About this task: Your answer must be the lines from the first record through the line that contains "修行共分为12册:道德经、扁", copied exactly and without any pictures.

Records excerpted from a collection:
>>>>
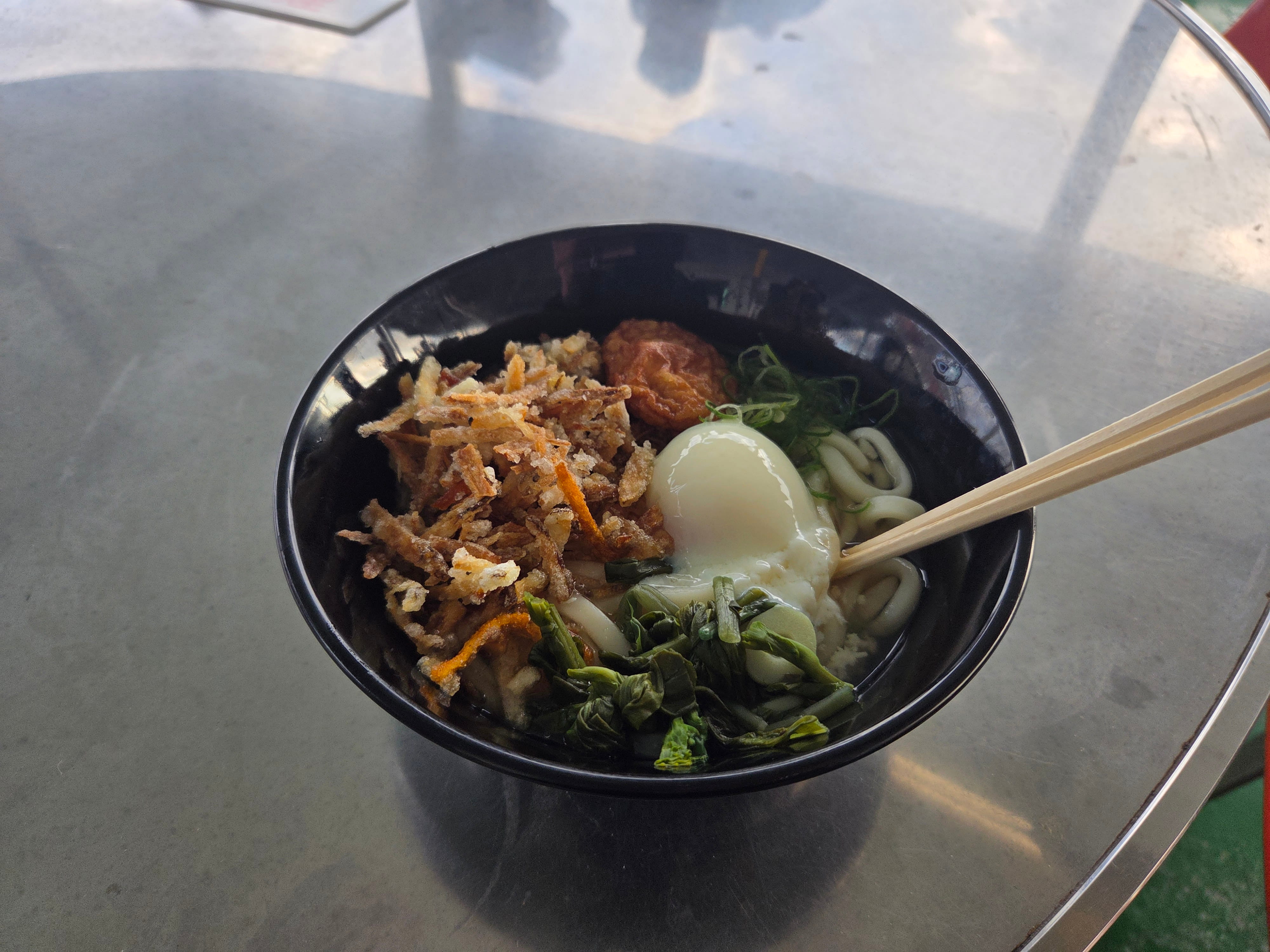 갓 나온 우동을 받아서 실외 테이블석에 앉았습니다. 1000엔짜리 사쿠라지마 우동을 시켰는데, 각종 고명이 가득합니다. 사쿠라지마로 가는 배에서 먹는 우동은 낭만을 한 스푼 얹어 더욱 맛이 좋았습니다.
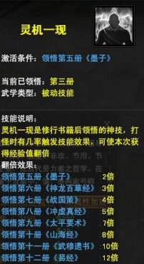 修行共分为12册:道德经、扁鹊心书、奇门遁甲、金刚经、墨子、神农本草经、战国策、冲虚真经、太平要术、山海经、武穆遗书、易经。从领悟第五册《墨子》开始打怪是会有几率触发“灵机一现”技能,该技能可获得经验翻倍的效果哦!随着修炼级别越高,经验翻倍倍数随之增加。
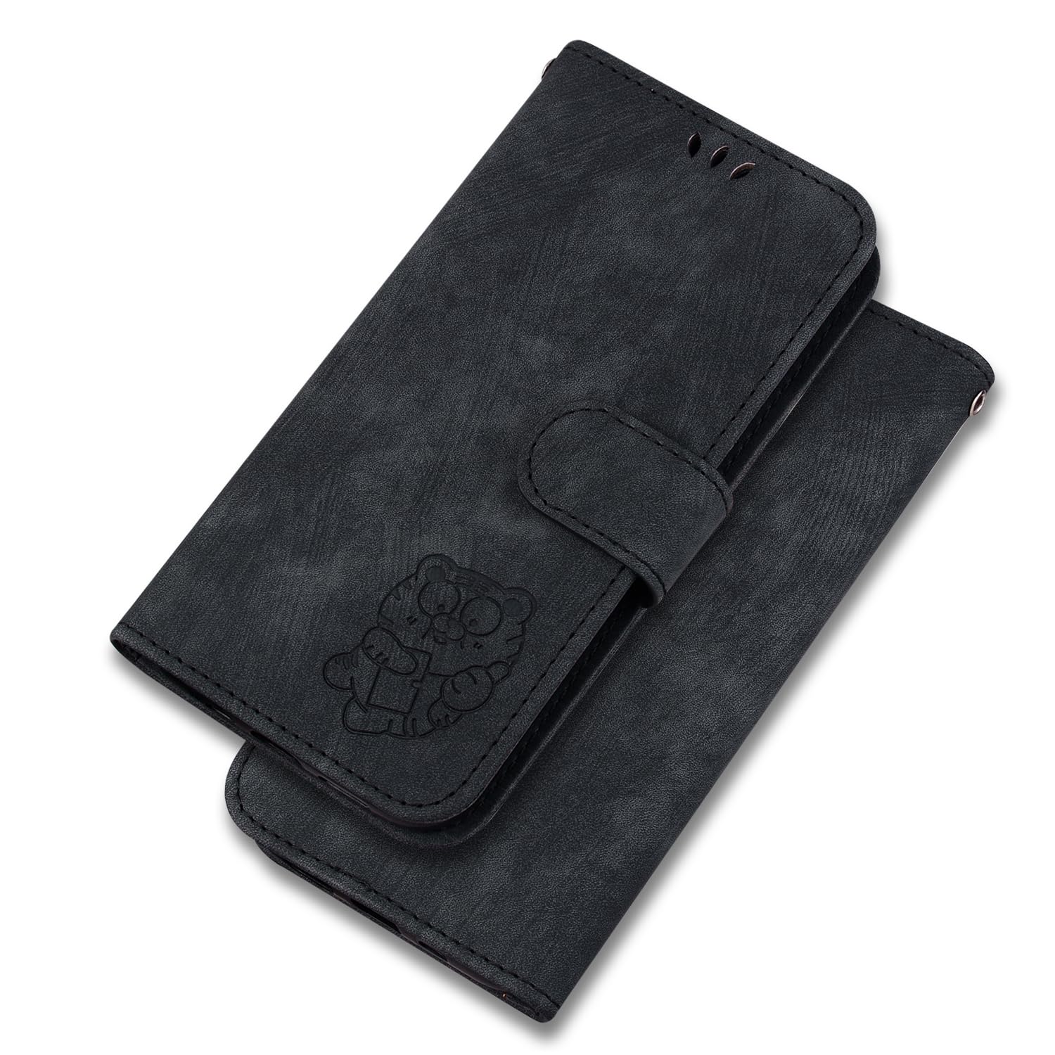 Popular Embossed Solid Color Flip Cover Phone Cover Compatible with Motorola Moto G04 G24 G34 MotoG34 5G Phone Shell Stand Card Slot Wallet Clip Phone Case (Black,Moto G34 5G)
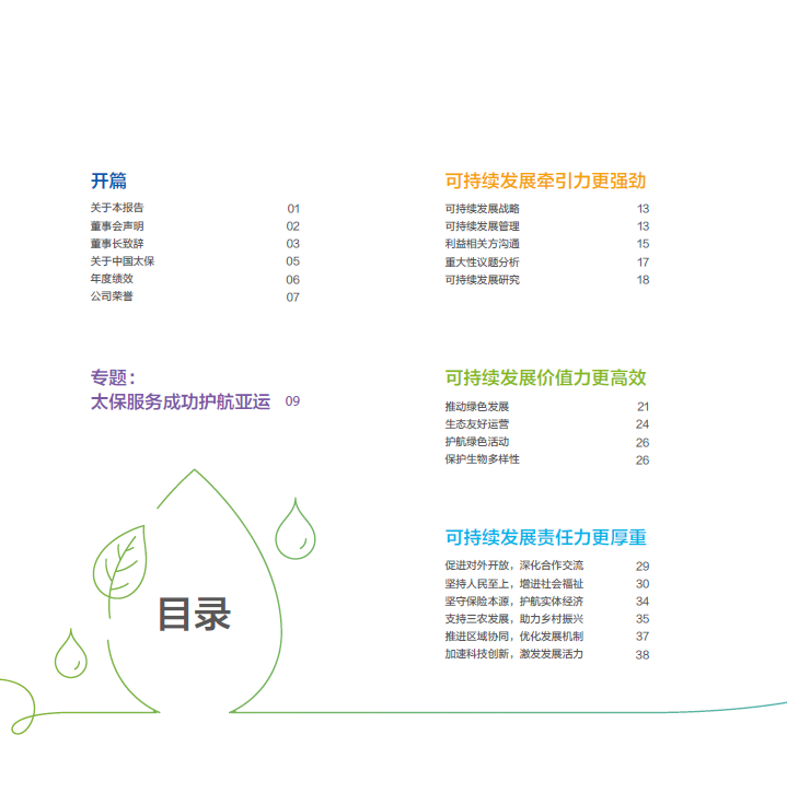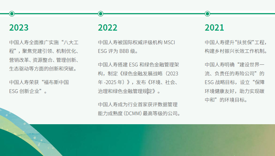 2023 年,中國太保制定《中國太平洋保險(集團(tuán))股份有限公司 2023-2025 年高質(zhì)量發(fā)展規(guī)劃》,將“可持續(xù)發(fā)展能力更強”作為集團(tuán)發(fā)展目標(biāo)之一,將可持續(xù)發(fā)展理念全方位融入公司經(jīng)營,持續(xù)為各利益相關(guān)方創(chuàng)造綜合價值,推動集團(tuán)成為“行業(yè)高質(zhì)量發(fā)展引領(lǐng)者”。
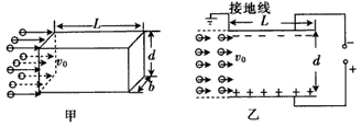 5、计算题 如图甲所示,静电除尘装置中有一长为L、宽为b、高为d的矩形通道,其前、后面板使用绝缘材料,上、下面板使用金属材料。图乙是装置的截面图,上、下两板与电压恒定的高压直流电源相连。质量为m、电荷量为-q、分布均匀的尘埃以水平速度v0进入矩形通道,当带负电的尘埃碰到下板后其所带电荷被中和,同时被收集。通过调整两板间距d可以改变收集效率η。当d=d0时,η为81%(即离下板0.81d0范围内的尘埃能够被收集)。不计尘埃的重力及尘埃之间的相互作用。
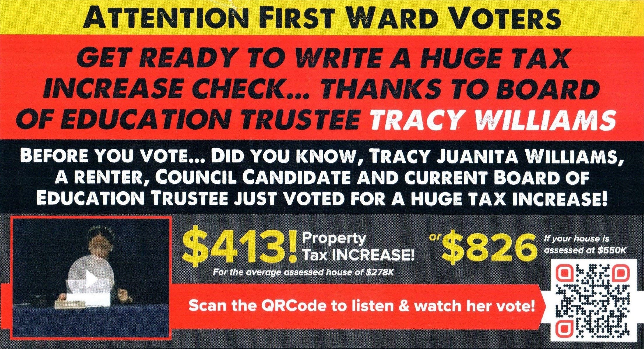 “Before you vote … did you know, Tracy Juanita Williams, a renter, council candidate and current board of education trustee just voted for a huge tax increase!” the flyer reads.
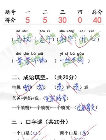 汉字找茬王小学生试卷4需要我们正确的完成小学生的判卷,哪里错误哪里正确需要我们心中有数,这张试卷一共有4大类,从拼音开始到成语填空我们必须给出最专业准确的判断,快来看看我
<<<<
Answer box:
 갓 나온 우동을 받아서 실외 테이블석에 앉았습니다. 1000엔짜리 사쿠라지마 우동을 시켰는데, 각종 고명이 가득합니다. 사쿠라지마로 가는 배에서 먹는 우동은 낭만을 한 스푼 얹어 더욱 맛이 좋았습니다.
 修行共分为12册:道德经、扁鹊心书、奇门遁甲、金刚经、墨子、神农本草经、战国策、冲虚真经、太平要术、山海经、武穆遗书、易经。从领悟第五册《墨子》开始打怪是会有几率触发“灵机一现”技能,该技能可获得经验翻倍的效果哦!随着修炼级别越高,经验翻倍倍数随之增加。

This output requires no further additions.